According to some other answers like When and why to 'return false' in JavaScript? , the return false statement would tell the event (onClick) not to be fired, which is not what I want, since I do want it to be fired but after my 2 GA events were fired.
So, I have 3 questions:
1) Is there any problem firing more than 1 GA event (with _trackEvent) on 1 click? What is the best way to do it?
2) Why Google Analytics link above states that the function should be placed in the head section of the html?
3) Can someone please clarify the "return false" statement's goal and how to use it correctly?
No, no issue with that although you could do both with one push. One Push, Multiple Commands
Because the user may click the link before the javascript has time to load on the page.
My understanding is that it prevents the default behavior of the element and if listed after your function call it should have no effect on that function call. This is just as stated in one of the answers to the question you cited:
In the Google Analytics support link you provided, the
return false;
is stopping the link from immediately sending the user off the site.
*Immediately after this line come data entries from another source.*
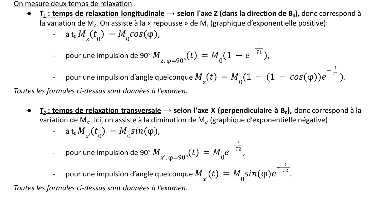 Tuteur Solution M.P Posted Wednesday at 08:54 AM Tuteur Solution Posted Wednesday at 08:54 AM Bonjour, On te donne les temps suivants : • T1 A = 800 ms, T2 A = 200 ms • T1 B = 400 ms, T2 B = 70 ms Item A : En pondération T1, plus le T1 est court plus le signal est intense (plus clair). Ici : T1 B < T1 A Le tissu B apparaît plus clair que A : VRAI Item B : En pondération T2, plus le T2 est long plus c’est clair. Ici : T2 A > T2 B Donc : A est plus clair que B B apparaît plus clair : FAUX Cotytylédon and Lolordose 2 Quote
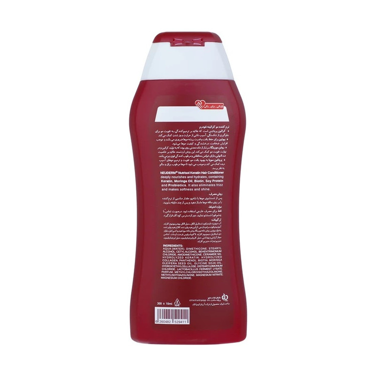 نرم کننده موی کراتینه فاقد سولفات نوتریسل نئودرم حاوی کراتین، روغن مورینگا، بیوتین، پروتئین سویا و پروبیوتیک است. این محصول با تغذیه و آبرسانی عمیق موها، لطافتبخش و بازکننده گره آنها بوده و حالت فر و وزی موها را از بین میبرد و موجب نرمی، لختی، براقی و درخشندگی آنها میشود. نرم کننده کراتینه نئودرم مناسب برای موهای وز، فر، خشک، آسیب دیده و افرادی که موهای خود را به وسیله کراتینه کردن، صاف کردهاند است. کراتین پروتئینی است که به تقویت مو برای جلوگیری از شکستگی، آسیب گرما و وز شدن کمک میکند. این ماده علاوه بر ترمیم کنندگی موها را در برابر آسیبهای محیطی حفظ میکند. بیوتین برای حفظ بافت و قدرت ریشه موها مناسب است. این ماده علاوه بر کمک به رشد مجدد مو، موجب افزایش ضخامت، درخشندگی و کیفیت موها میشود. روغن مورینگا موجود در نرم کننده کراتینه فاقد سولفات نئودرم، سرشار از ماده معدنی روی است که به تولید کراتین و در نهایت، تقویت موها کمک شایانی میکند. این روغن ارزشمند علاوه بر خاصیت ضد التهابی، دارای خواص محافظتی و مرطوبکنندگی قوی است. پروتئین سویا به بهبود بافت مو، تقویت و ترمیم موهای آسیب دیده کمک میکند و موجب میشود موها مرطوب، براق و سالم باشند. ویتامین B نقش مهمی در حفظ سلامتی و رشد موها دارد و با جلوگیری از آسیبهای ناشی از رادیکالهای آزاد، به بهبود سلامت آن کمک میکند. پروبیوتیکها همانند واکسن، سیستم ایمنى سلولى را فعال کرده و ضمن تولید مواد ضد التهابى، با حفظ اسیدیته پوست و مو به بهبود وضعیت آنها کمک میکند.
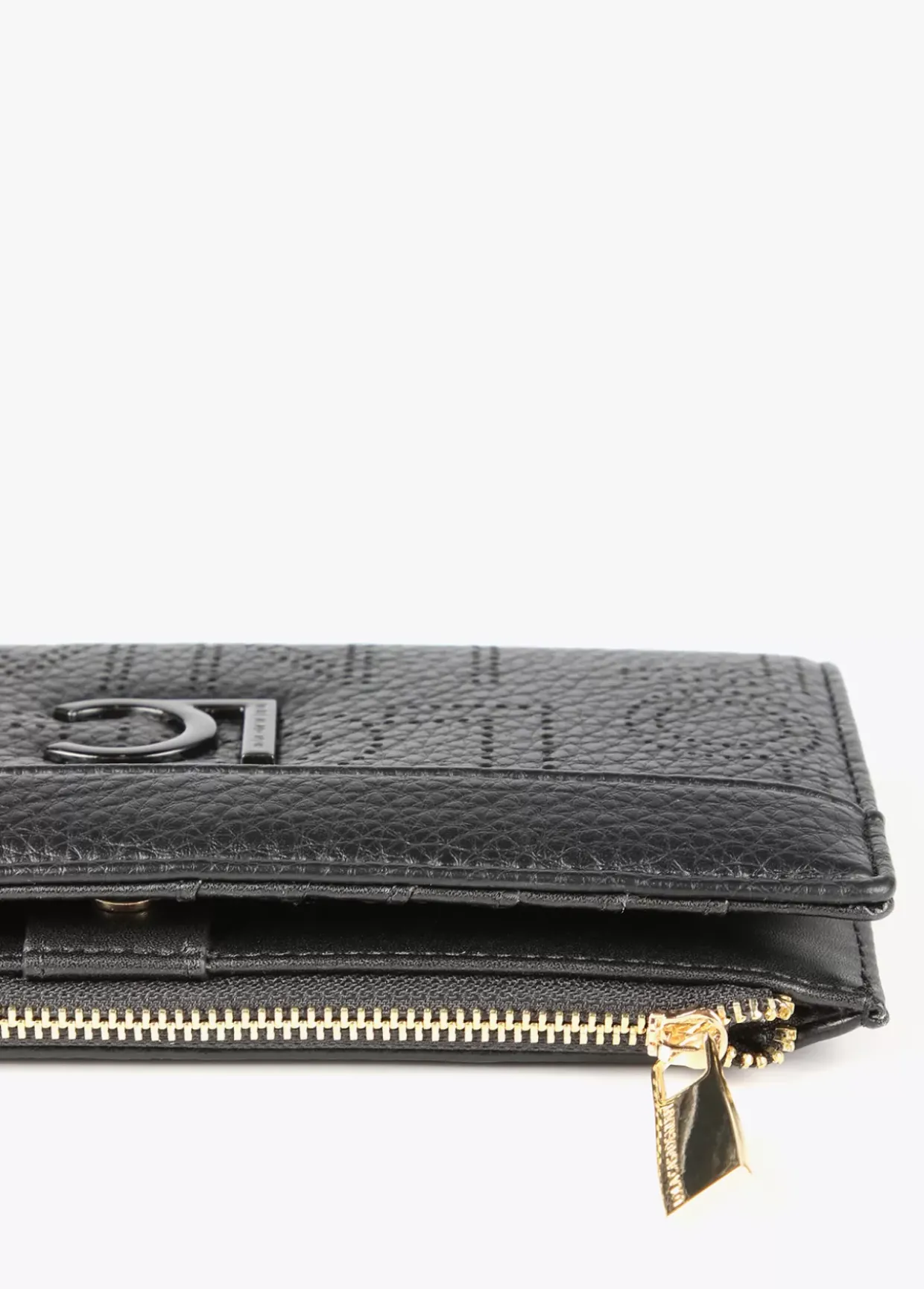 Billetero grande con logotipo troquelado. Cierre con cremallera en monedero y cierre con botón clic en zona tarjetero.
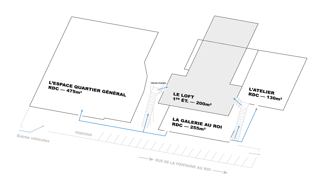 This ephemeral space is available until November 2024. With a total usable surface area of 3400 m2 this building, available for event rentals, consists of :
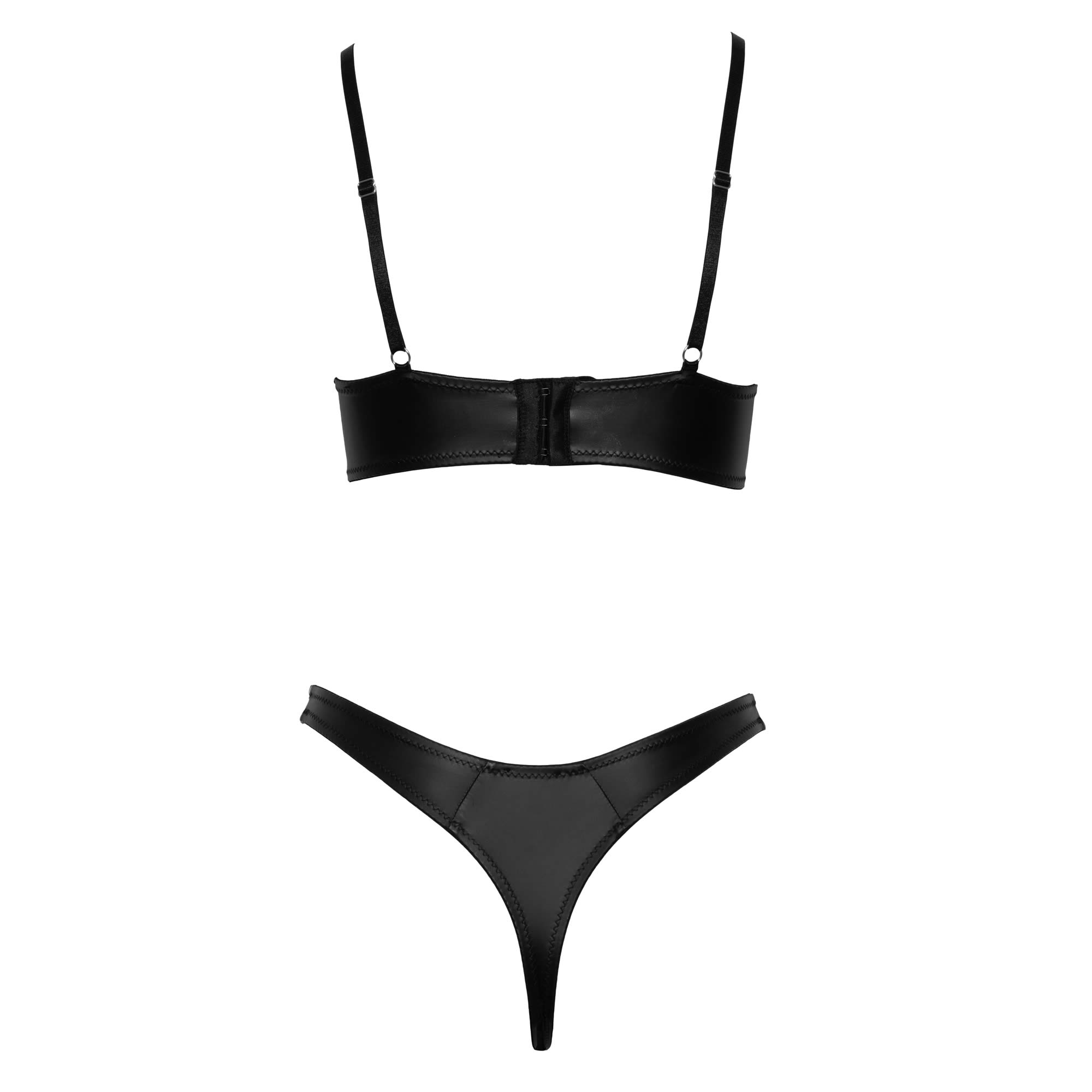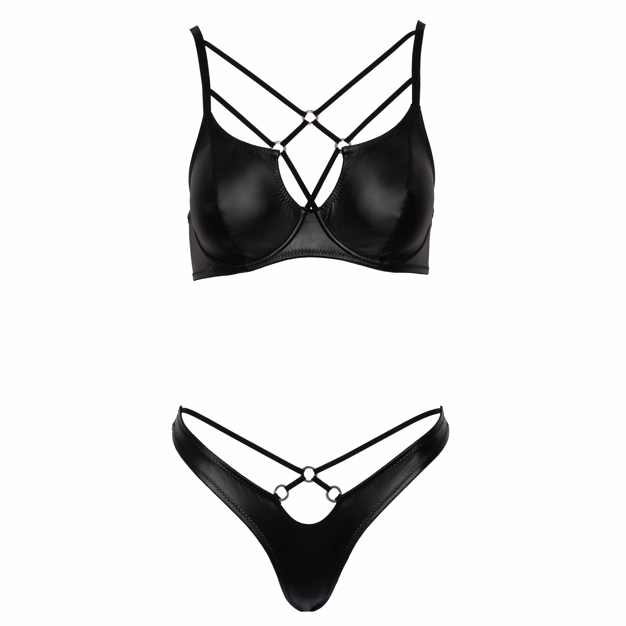 Sættet består af en bøjle-bh og en rio-g-streng, udsmykket med stretchstropper og sølvfarvede ringe, der fremhæver dekolletagen og taljen på en forførende måde.

It runs the tracking function before hand and then redirects the user to the external site after a delay. This allows the tracking code the time needed to be sent off before the redirect.Do you have
target="_blank"
on all links using yourga_track_link()
function?If the link is opening in the same window, it's possible that the tracking pixel requests made by _trackEvent might not have time to complete before the new page starts being fetched. If the link is opening in a new window, it's not a problem.